Table 1.
Kinetic folding parameters of X11 PDZ1-PDZ2 and PDZ1
| pH | kF (s−1) | kU (s−1) | KN–I |
|---|---|---|---|
| X11 PDZ1-PDZ2 | |||
| 3.7 | 0.14 ± 0.02 | 0.16 ± 0.02 | (2.72 ± 0.08) •10−2 |
| 4.5 | 1.30 ± 0.08 | 0.078 ± 0.003 | (5.7 ± 0.1) •10−4 |
| 5.5 | 5.06 ± 0.05 | 0.068 ± 0.002 | (2.45 ± 0.04) •10−5 |
| 6.5 | 8.32 ± 0.05 | 0.071 ± 0.001 | (8.12 ± 0.02) •10−6 |
| 7.0 | 12.0 ± 0.1 | 0.077 ± 0.002 | (8.19 ± 0.06) •10−6 |
| 7.5 | 11.2 ± 0.1 | 0.107 ± 0.003 | (6.53 ± 0.09) •10−6 |
| 9.0 | 16.3 ± 0.1 | 0.077 ± 0.001 | (8.47 ± 0.04) •10−6 |
| PDZ1 | |||
| 3.7 | 0.36 ± 0.05 | 0.32 ± 0.02 | - |
| 4.5 | 1.51 ± 0.04 | 0.19 ± 0.05 | - |
| 5.5 | 3.7 ± 0.04 | 0.16 ± 0.06 | - |
| 6.5 | 4.5 ± 0.05 | 0.16 ± 0.07 | - |
| 7.0 | 5.5 ± 0.03 | 0.34 ± 0.06 | - |
| 7.5 | 5.8 ± 0.07 | 0.38 ± 0.08 | - |
| 9.0 | 7.3 ± 0.06 | 0.33 ± 0.05 | - |
Folding parameters obtained for X11 PDZ1-PDZ2 and PDZ1 were calculated from a three-state and two-state, respectively. All data were recorded at 37 °C. To reduce errors, the chevron plots of each protein were globally fitted with shared m-values.

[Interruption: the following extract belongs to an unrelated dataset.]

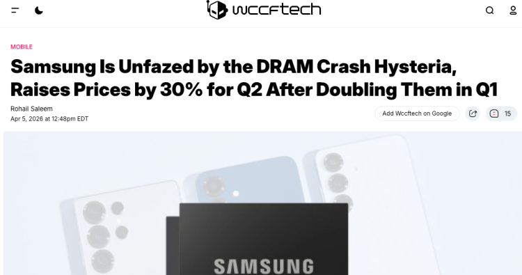 【环球网科技综合报道】4月7日消息,据Wccftech报道,存储芯片市场风云再起。继2026年第一季度内存产品价格同比平均上涨100%之后,三星再度宣布重大价格调整举措,其2026年第二季度内存产品价格平均上涨30%。
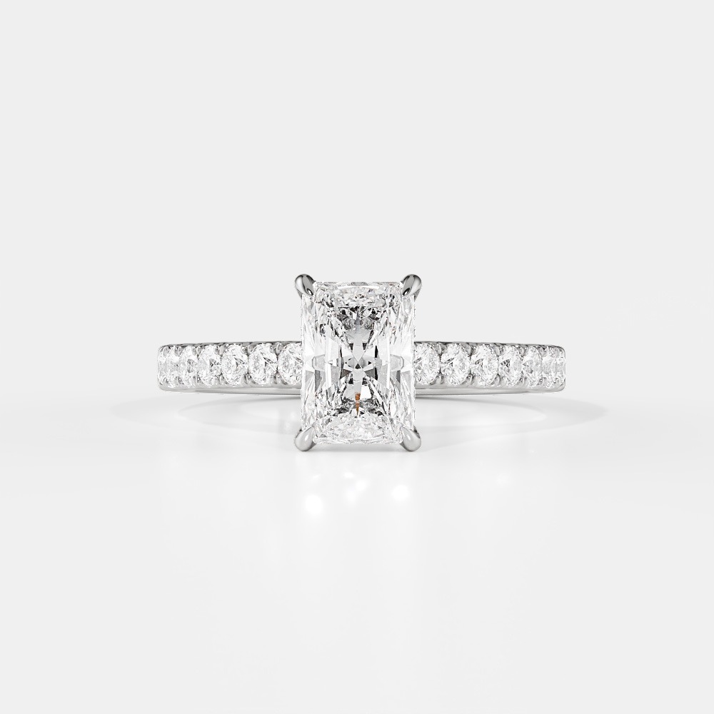 L’Éclat Secret en Taille Radiant unité la puissance du feu et la pureté des lignes. Son centre, un Diamant à la géométrie éclatée, est serti de 4 griffes délicates pour révéler chaque reflet. Ses facettes multiples diffusent la lumière avec intensité, tandis que l’anneau pavé prolonge ce scintillement dans une continuité parfaite.

For X11 PDZ1-PDZ2, the calculated m values from a three-state analysis were mF = 0.94 ± 0.03 kcal mol−1 M−1; mU = 0.15 ± 0.02 kcal mol−1 M−1; mKN–I = 1.09 ± 0.09 kcal mol−1 M−1, with a total mD–N = 2.2 ± 0.1. This value is in good agreement with the value of 2.1 ± 0.2 kcal mol−1 M−1 obtained from CD monitored denaturation experiments. On the other hand, in the case of PDZ1, a two-state fit returned the values of mF = 1.04 ± 0.04 kcal mol−1 M−1 and an mF = 0.15 ± 0.01 kcal mol−1 M−1 with a total mD–N = 1.2 ± 0.1 kcal mol−1 M−1. Also in this case, there is a good agreement with the equilibrium value monitored by CD melting, being mD–N = 1.0 ± 0.1 kcal mol−1 M−1.